» **Task to carry out**
Give the whole listing below once more, exactly, without pictures.

» **Source material**

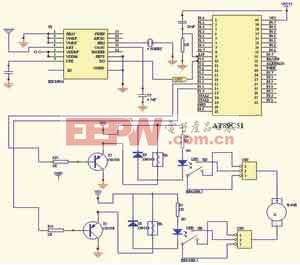 无线信号经MICRF002接收后经过调制重新变成串行数据,经由DO口送出到单片机AT80C51的P3.0口,利用程序对P3.0口输入的串行数据进行分析,如果温度和适度都适合则将P3.5口置1并且P3.6口置0,如果温度和湿度不适合,则将P3.5口置0并且P3.6口置1。除了温度和湿度的分析,可以设置单片机的内部时钟来控制P3口的置0或1。当P3.5口置1,P3.6口置0时,由P3.5口接出来的电磁继电器为吸合状态,相反P3.6口接出来的继电器为未吸合状态,这样就可以控制电动机正转。如果情况相反则电动机为反转状态。如果P3.5或P3.6口为0或1的时间达到规定的时长,则设置P3.5和P3.6口均为0。这样防止电动机无限制转动。原理图如图4所示。
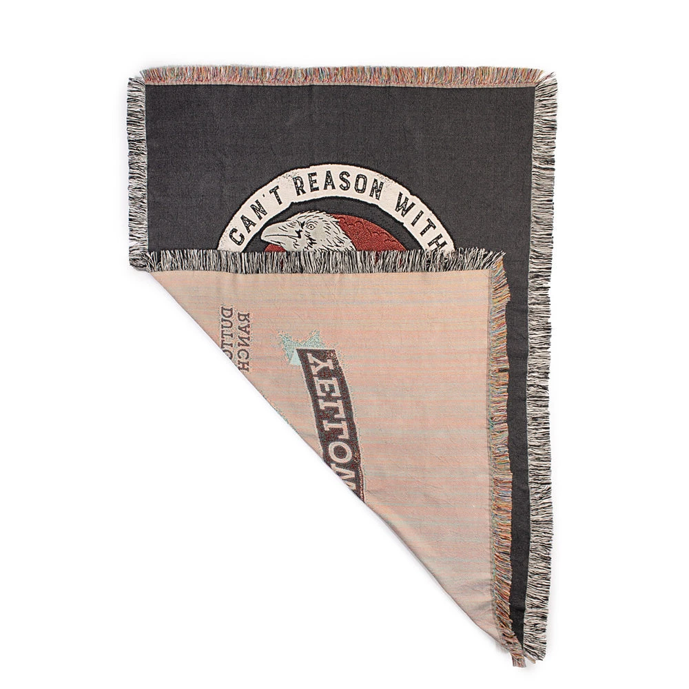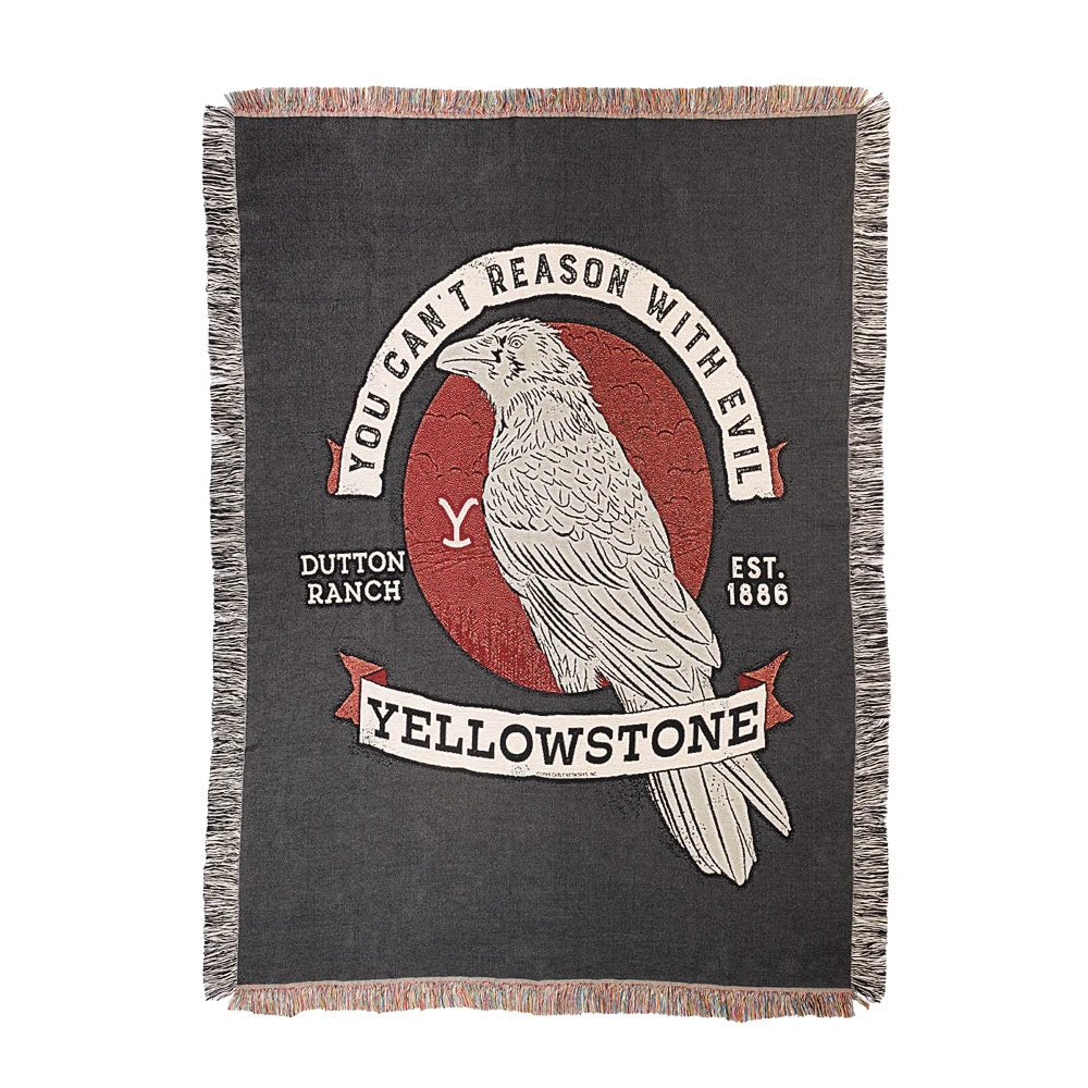 Featuring the iconic crow from Yellowstone Season 4, this Yellowstone Can’t Reason With Evil Woven Blanket is sure to make a statement in your home. Perfect for getting cozy on the couch while you watch your favorite Yellowstone season.
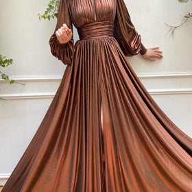 Entdecken Sie unser elegantes Maxikleid mit plissierten Details und luxuriösem Fall, das perfekt für besondere Anlässe geeignet ist. Mit seinem geschmeidigen Material und dem raffinierten Schnitt bietet dieses Kleid sowohl Stil als auch Komfort.

» **Answer for this exercise**
 无线信号经MICRF002接收后经过调制重新变成串行数据,经由DO口送出到单片机AT80C51的P3.0口,利用程序对P3.0口输入的串行数据进行分析,如果温度和适度都适合则将P3.5口置1并且P3.6口置0,如果温度和湿度不适合,则将P3.5口置0并且P3.6口置1。除了温度和湿度的分析,可以设置单片机的内部时钟来控制P3口的置0或1。当P3.5口置1,P3.6口置0时,由P3.5口接出来的电磁继电器为吸合状态,相反P3.6口接出来的继电器为未吸合状态,这样就可以控制电动机正转。如果情况相反则电动机为反转状态。如果P3.5或P3.6口为0或1的时间达到规定的时长,则设置P3.5和P3.6口均为0。这样防止电动机无限制转动。原理图如图4所示。
 Featuring the iconic crow from Yellowstone Season 4, this Yellowstone Can’t Reason With Evil Woven Blanket is sure to make a statement in your home. Perfect for getting cozy on the couch while you watch your favorite Yellowstone season.
 Entdecken Sie unser elegantes Maxikleid mit plissierten Details und luxuriösem Fall, das perfekt für besondere Anlässe geeignet ist. Mit seinem geschmeidigen Material und dem raffinierten Schnitt bietet dieses Kleid sowohl Stil als auch Komfort.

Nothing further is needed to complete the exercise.